Podobnie inna osoba trzecia powiedziała nam, że jej zdaniem gry Activision w wersji dla systemu Windows nie byłyby odpowiednie do naprawienia SLC, ponieważ wyklucza inne modele biznesowe, zmuszając dostawców gier w chmurze do korzystania z systemu operacyjnego Windows i uzależniając dostawców gier od maszyn wirtualnych Windows.
Ta osoba trzecia poinformowała nas, że potencjalnym rozwiązaniem może być zapewnienie przez firmę Microsoft, że zapewni równoważność funkcji gry i doświadczenia za pośrednictwem wersji gry dla systemu Windows, która jest kompatybilna z Protonem (warstwa zgodności, która umożliwia uruchamianie gier systemu Windows na systemach innych niż Windows (np. Linux) systemy operacyjne), zapewniając wsparcie dla ich recenzji open source.

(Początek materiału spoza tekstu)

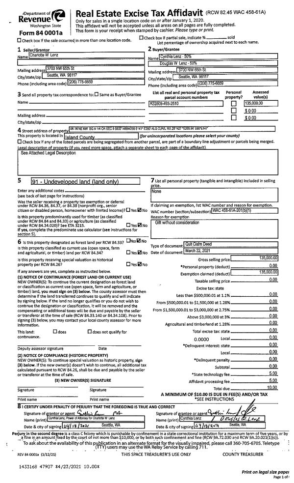 | 2 | 11/20/2020 | QCD | Quit Claim Deed | LYNGRA, STIG | LYNGRA, SARAH BEATRICE POWELL | | | $0.00 | 45828 | 4503087 |
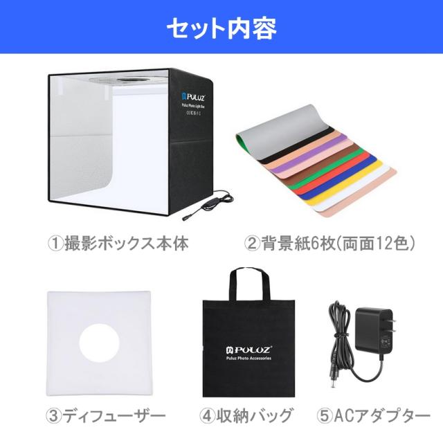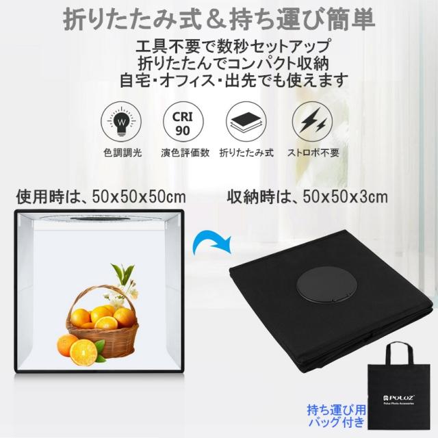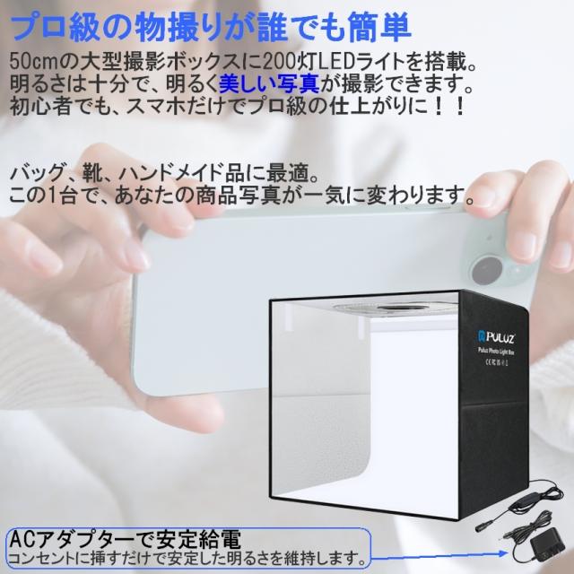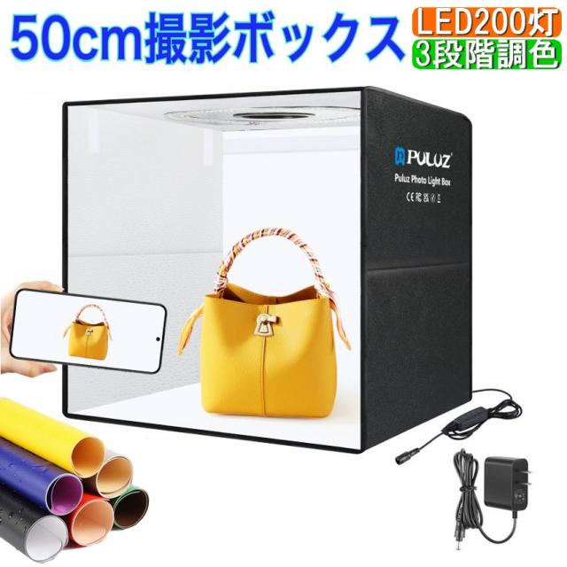撮影ボックス 50cm LEDライト付 撮影キット 200灯 10段階調光 12色背景 折りたたみ 撮影ブース 商品撮影 物撮り 簡易スタジオ ACアダプター PULUZ 送料無料
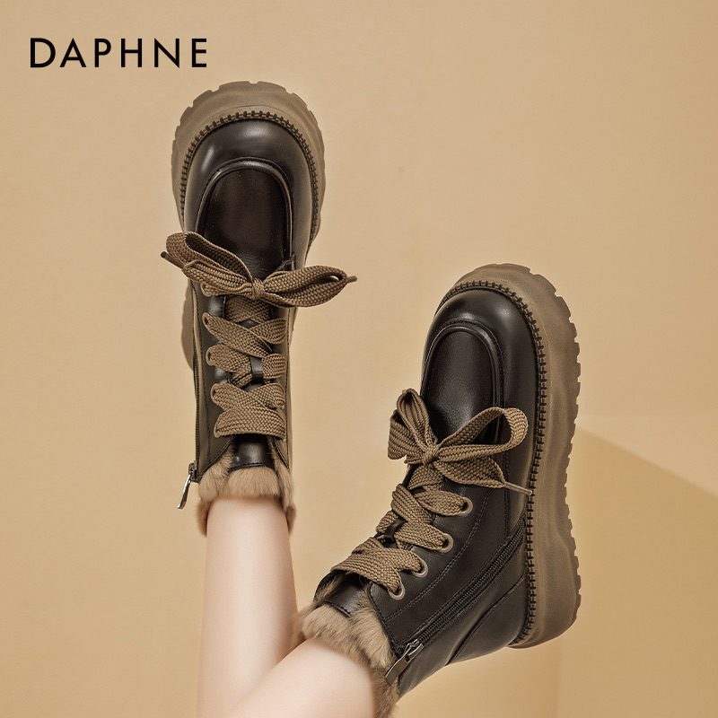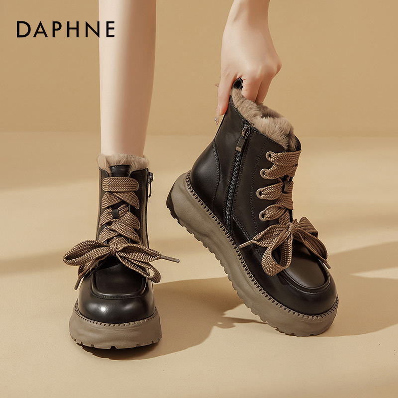 达芙妮厚底雪地靴女冬季加绒东北大棉鞋2025新款加厚保暖马丁靴子
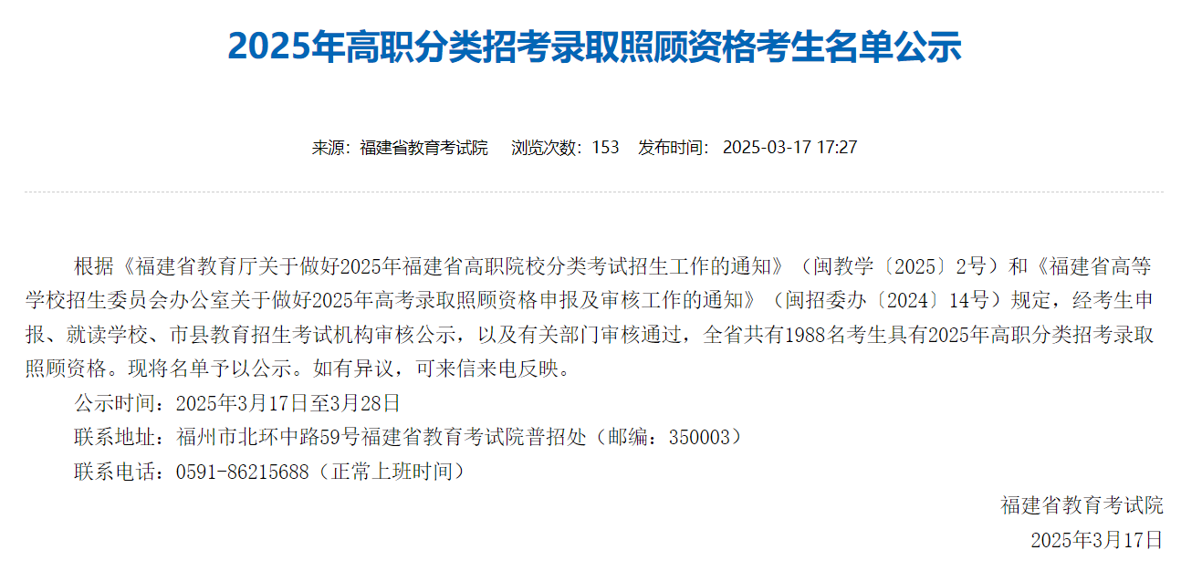 17日,福建省教育考试院发布2025年高职分类招考录取照顾资格考生名单公示,1988名考生拟获高职分类招考录取照顾资格↓↓
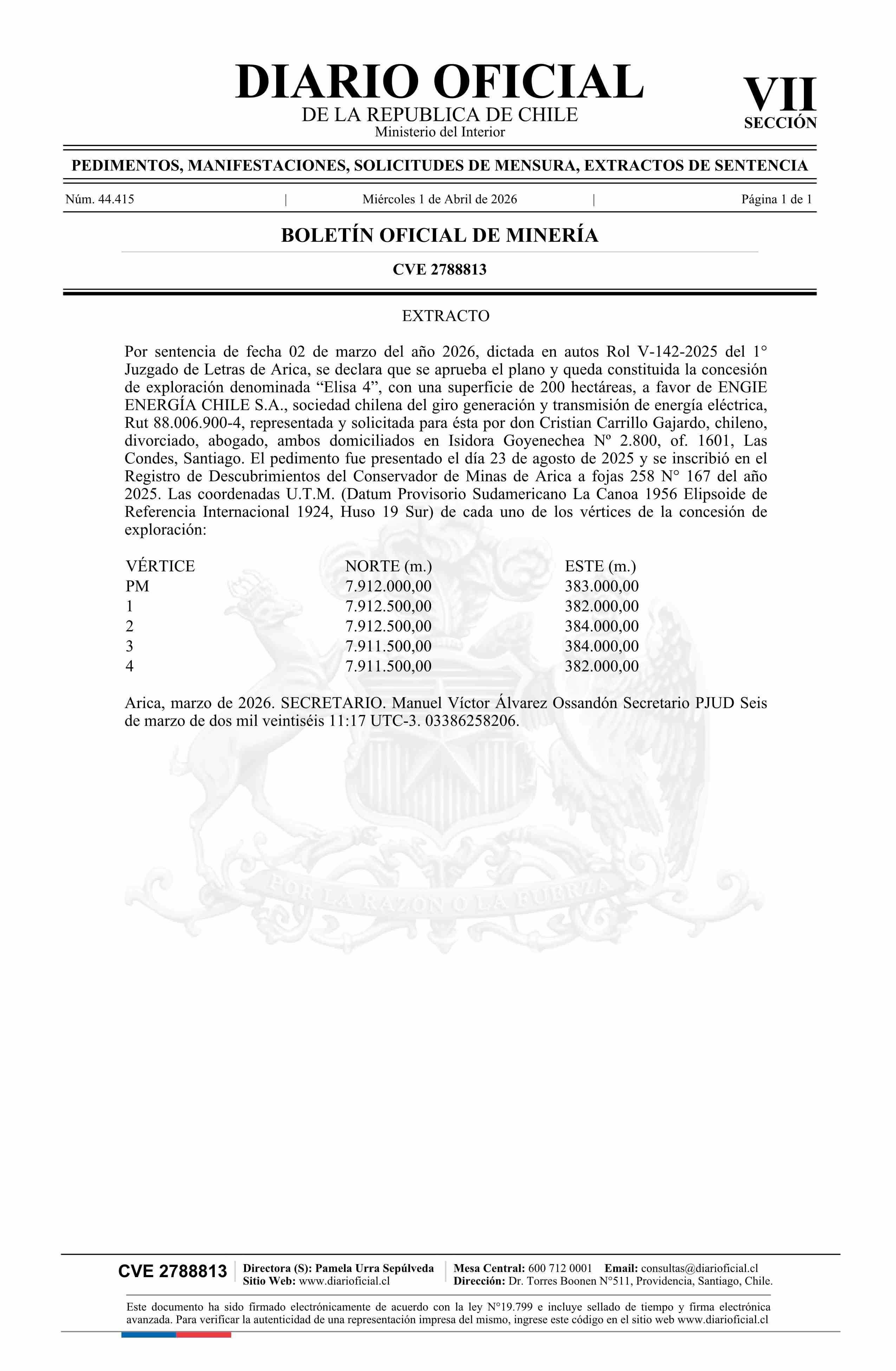 DIARIO OFICIAL CHILE - BOLETÍN OFICIAL DE MINERÍA (DIARIO OFICIAL CHILE – BOM – SENTENCIAS EXPLORA)
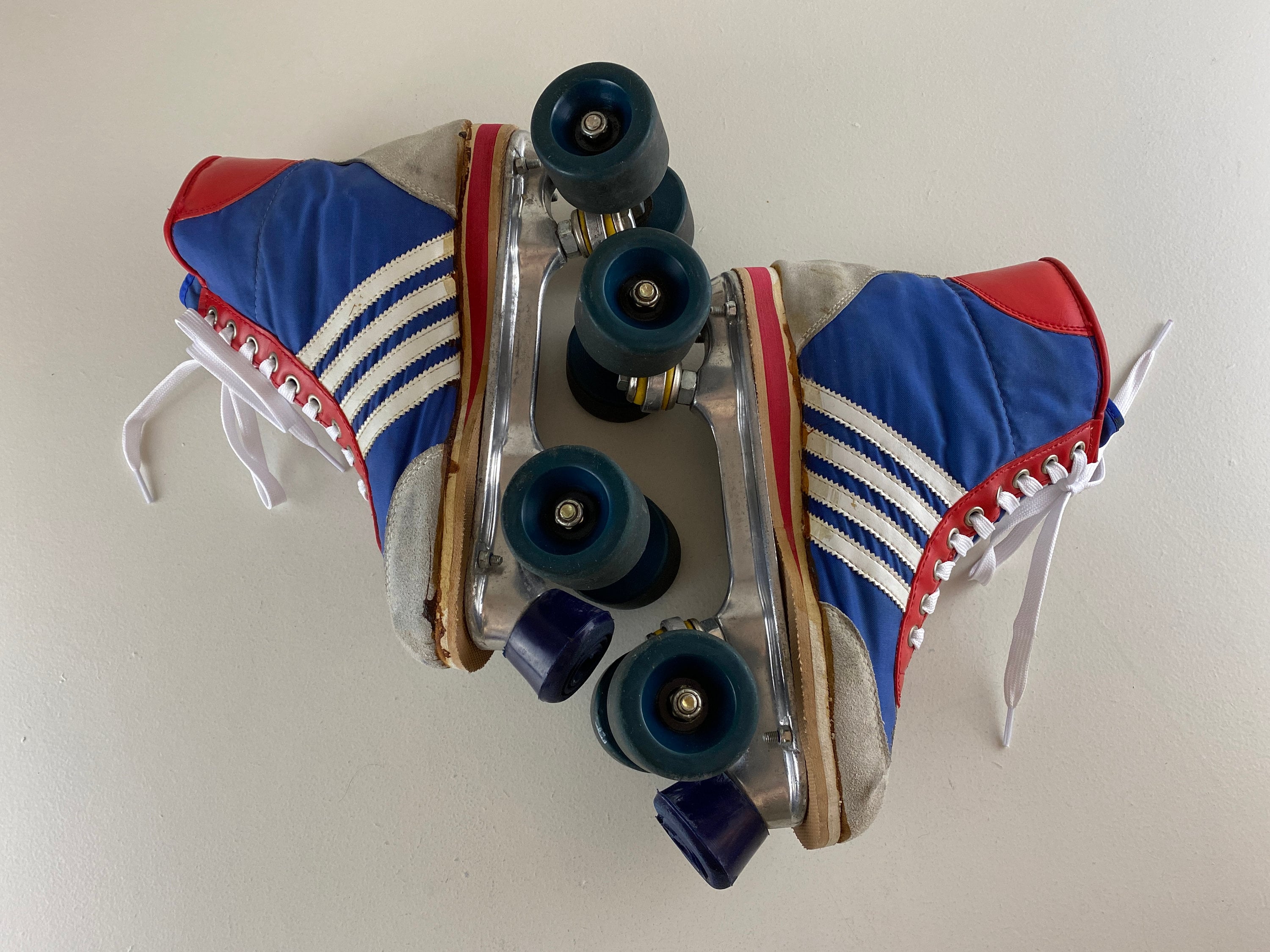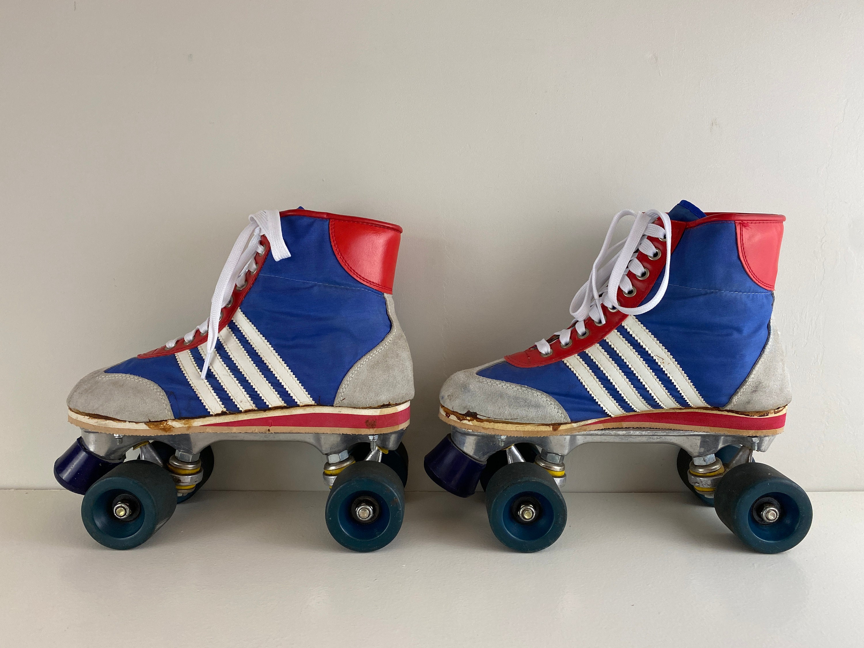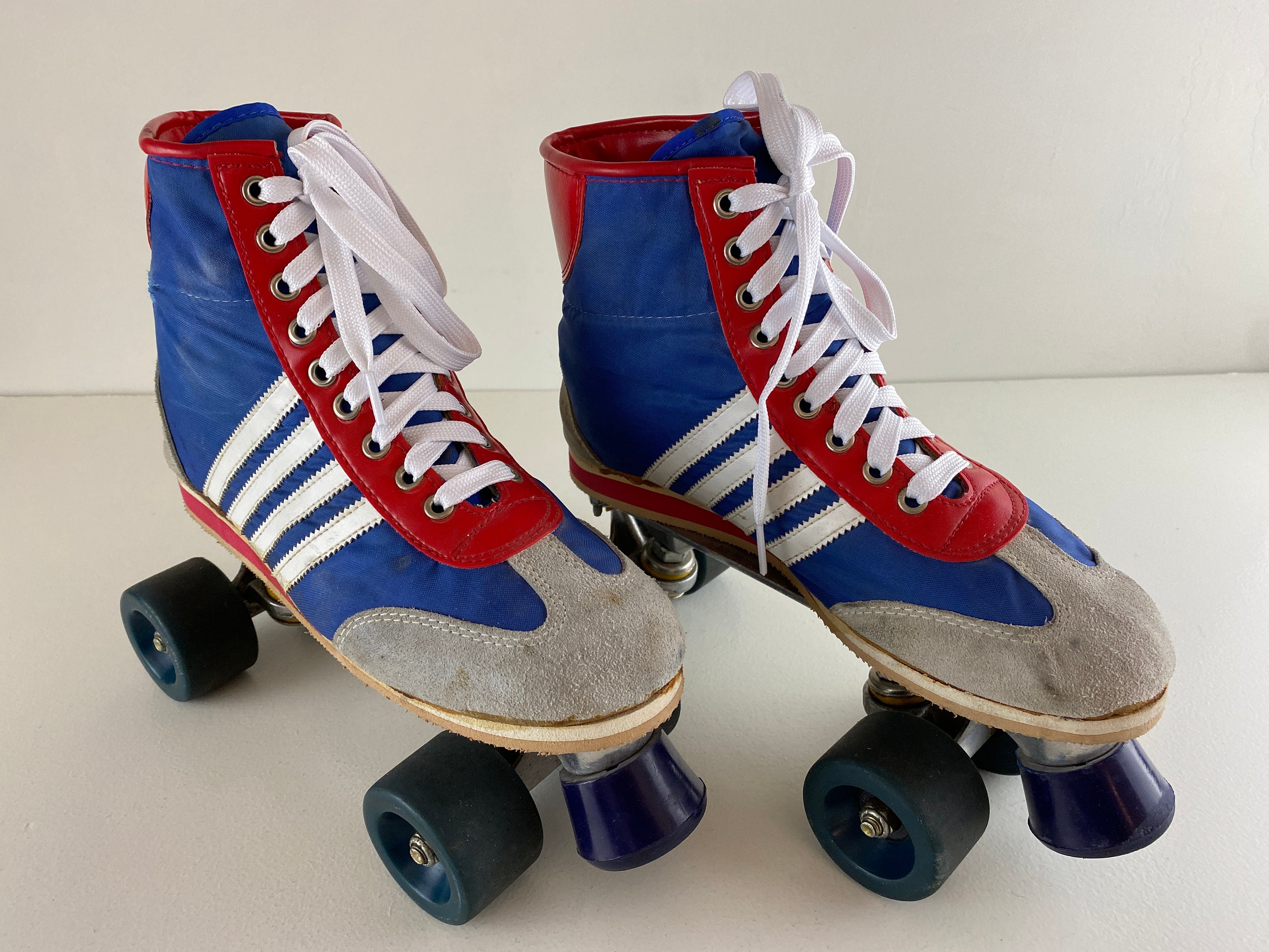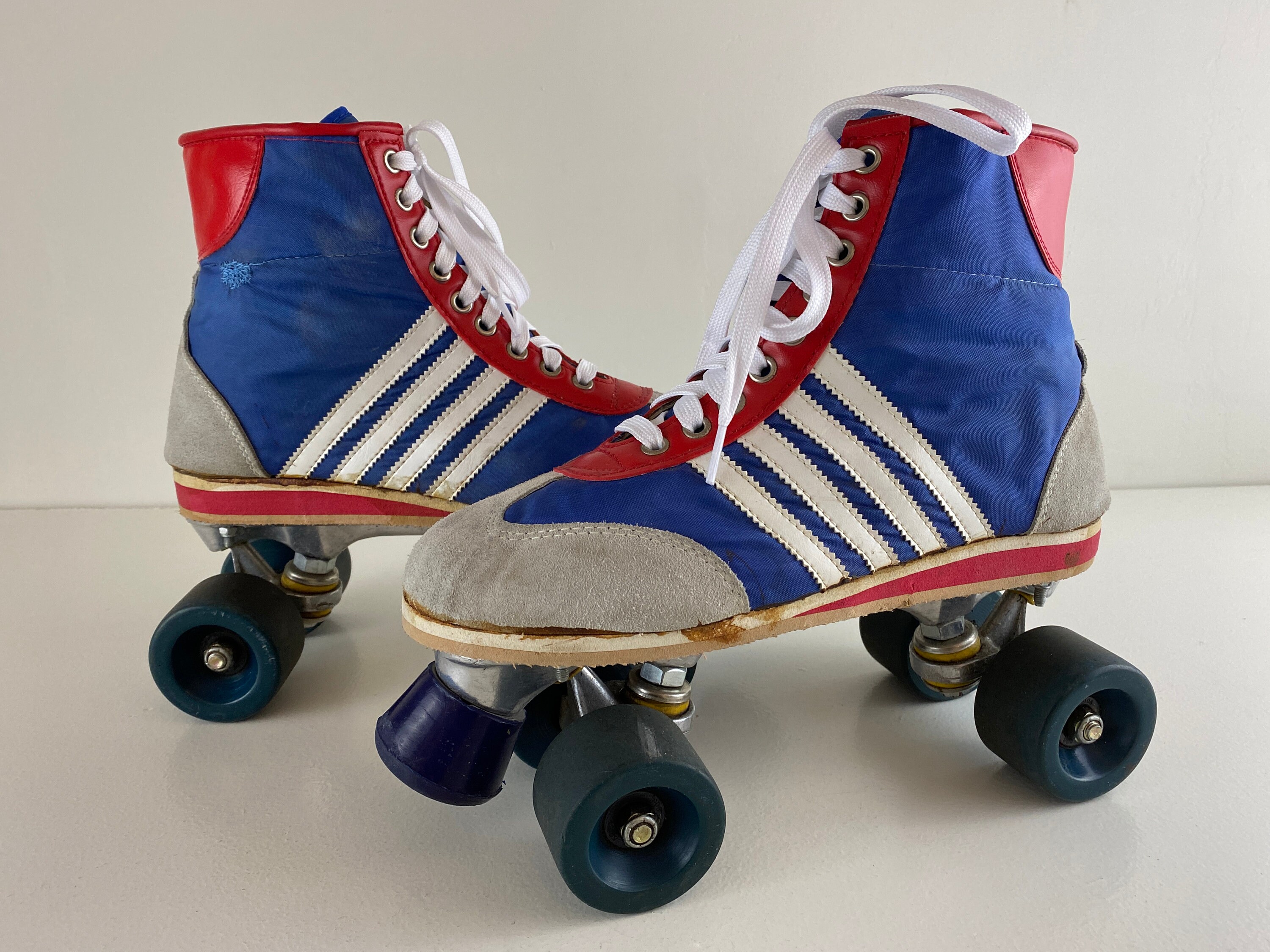 Vintage 70s Retro Roller skates red, grey, white and blue, Size: EU 42 USwoman 9.5, USman 8.5, UK 8.0

Ta strona trzecia zauważyła jednak, że budzi to również szereg obaw dotyczących parytetów”.
Nie ulega wątpliwości, że jest to sytuacja bez prostych rozwiązań. Jednak CMA zdecydowanie dokonała złego wyboru, po prostu stanowczo odrzucając umowę.
W rzeczywistości była to okazja dla CMA, aby Microsoft sam zajął się tą sytuacją, czyniąc ją częścią środka prawnego w celu zatwierdzenia umowy.
Na przykład można ich zmusić do pomocy w rozwoju samych WiNE i Proton, aby zapewnić 100% kompatybilność gier Windowsa z Linuksem.
Alternatywnie, Microsoft mógłby zostać zmuszony do zawarcia nowych umów, aby licencjonowanie systemu Windows dla konkurentów gier w chmurze nie stanowiło już problemu.
Wybór CMA, aby prawdopodobnie pozostawić to wolnemu rynkowi, pozwoli Microsoftowi tylko na dalsze dominowanie na rynku gier w chmurze w tym aspekcie.